This book is a general survey about exactly what it says in the subtitle, although not exactly how I expected it to be told, as it tended to focus on the bigger pictures, rather than Afghanistan itself.
Pre-19th century, Tanner describes wars that mostly took place outside of Afghanistan in great detail, and included them only because at some point in during the war, part of the fight would happen in Afghanistan. This mainly included the perpetual Greek-Persian conflicts and the Mongol invasions of China and central Asia. It was almost more of a story of Afghanistan being a bystander in everyone else's wars. Afghanistan was treated as just another battlefront, rather than the focus of the study, which seems contrary to the title of this book. For most of it, I was willing to accept that Tanner had limited resources from which to draw information, since Afghanistan doesn't have a strong culture of literacy or academia, but I was frustrated by the lack of acknowledgement of the fault and what seemed to be an unconscious bias towards traditional Western alliances; it always felt like Tanner was rooting for the Greeks over Persia or any other Asian civilization.
In the 19th century and later, Tanner clearly had a lot more primary and secondary resources to draw from with the invasions by the English, Soviets, and Americans. Again, Tanner always seemed to display an unconscious bias towards Western powers, and to a lesser extent, the Soviet Union over Afghanistan.
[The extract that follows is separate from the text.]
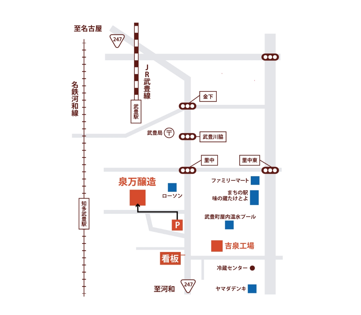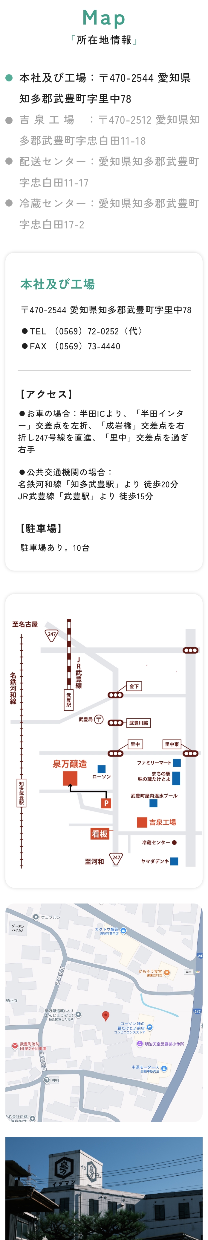 ⚫︎お車の場合:半田ICより、「半田インター」交差点を左折、「成岩橋」交差点を右折し247号線を直進、「里中」交差点を過ぎ右手
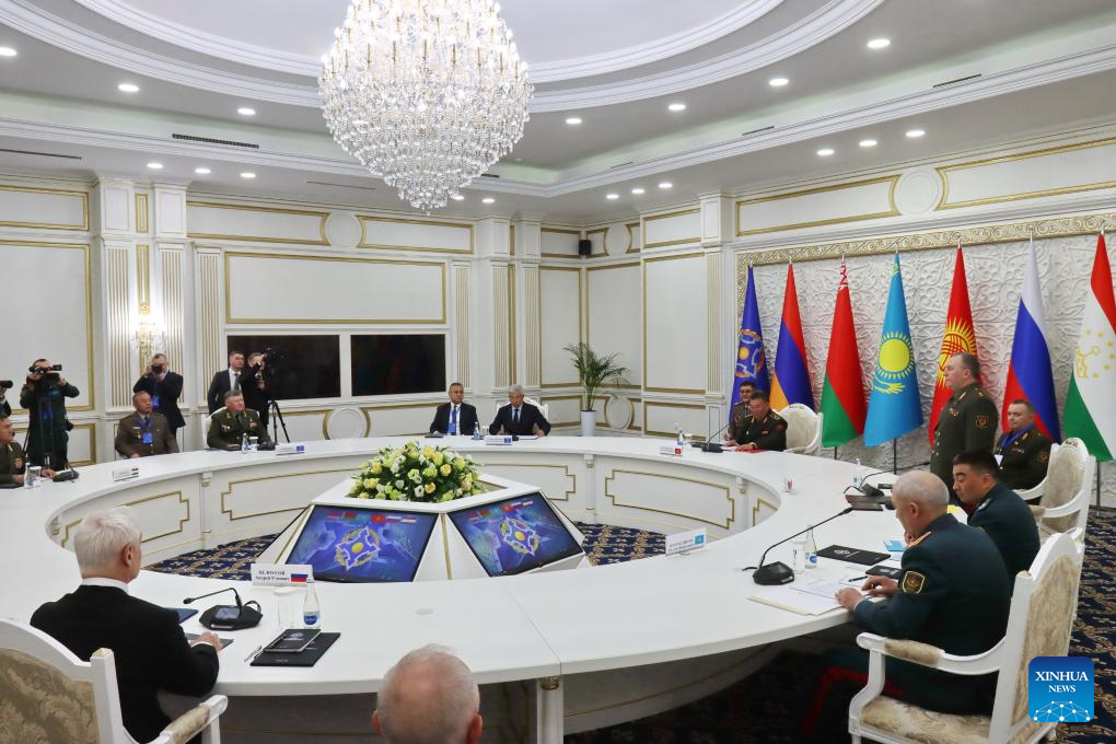 This photo taken on May 28, 2025 shows a meeting of the Defense Ministers Council of the Collective Security Treaty Organization (CSTO) member states in Bishkek, Kyrgyzstan. A meeting of the Defense Ministers Council of the CSTO member states was held here Wednesday, said the press service of the Kyrgyz defense ministry.

He did make some interesting comparisons between Afghanistan and Switzerland that I'd never heard before.
I was torn between giving this book three or four stars for most of it; that unconscious bias really bothered me, and I was expecting a more Afghanistan focused study, rather than something more general to Central Asia. But Tanner clearly did do a lot of research and by focusing on the bigger picture, he did put the country of Afghanistan into context, even if not its human elements.
Having been written in 2002, this book desperately needs an update covering from the capture of Osama bin Laden to the rise of ISIS.
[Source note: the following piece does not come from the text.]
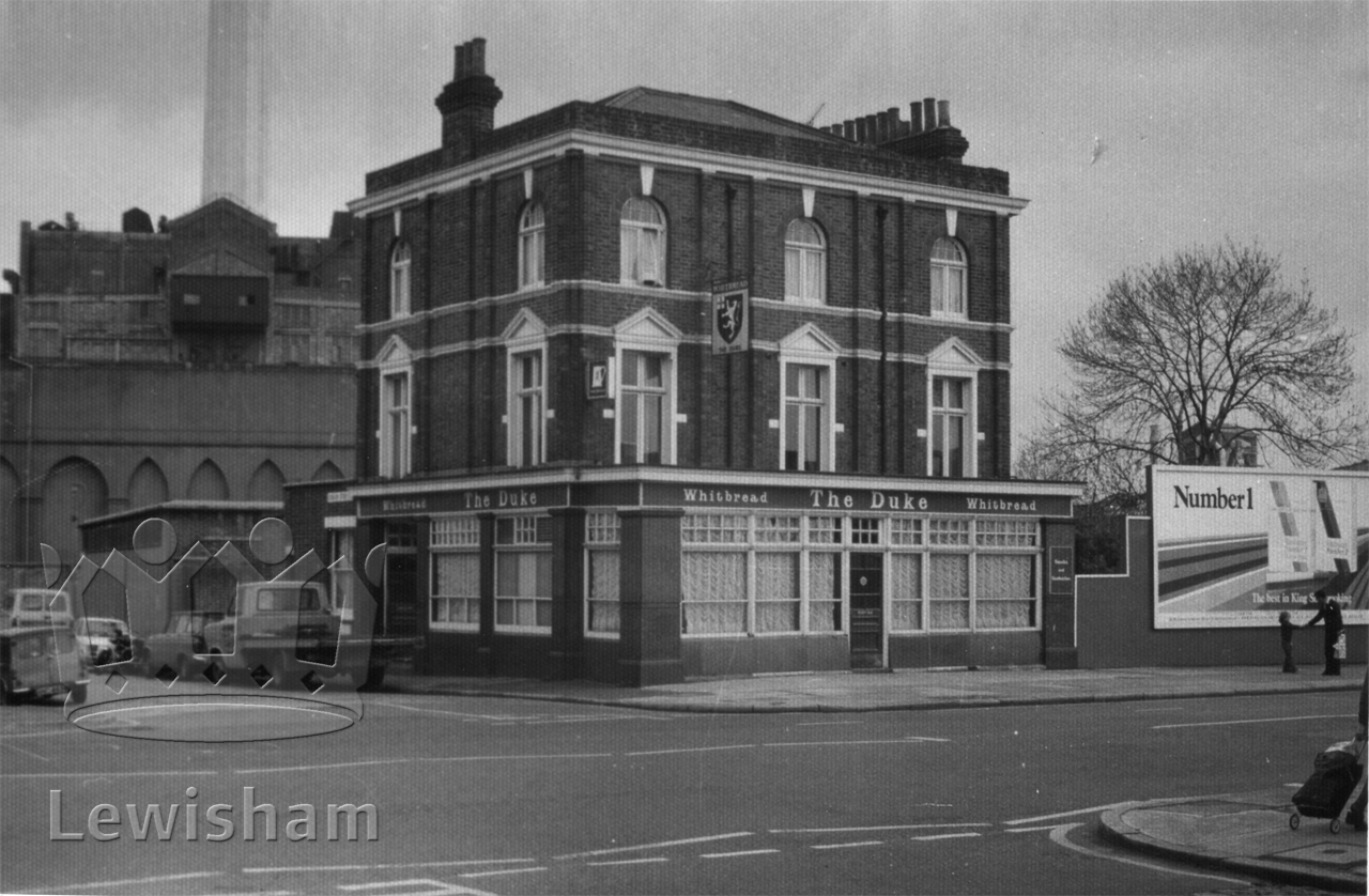 Black and White photograph showing exterior of the Duke, Creek Road, on the corner of Gonson Street

Then came the Afterward, where Tanner took off his mask and started explicitly stating his opinions. Ho boy, did they back up my every fear making the unconsciousness of his bias now dubious. Tanner argued for stronger military intervention, argued against using drones and other UAV's, and other war hawk philosophies. Which in itself wasn't a deal-breaker, but the final offensive straw was that Tanner failed to provide solid arguments for his impassioned rants, turning an opportunity for quality debate into a right-wing shit show, undermining his credibility for the whole book.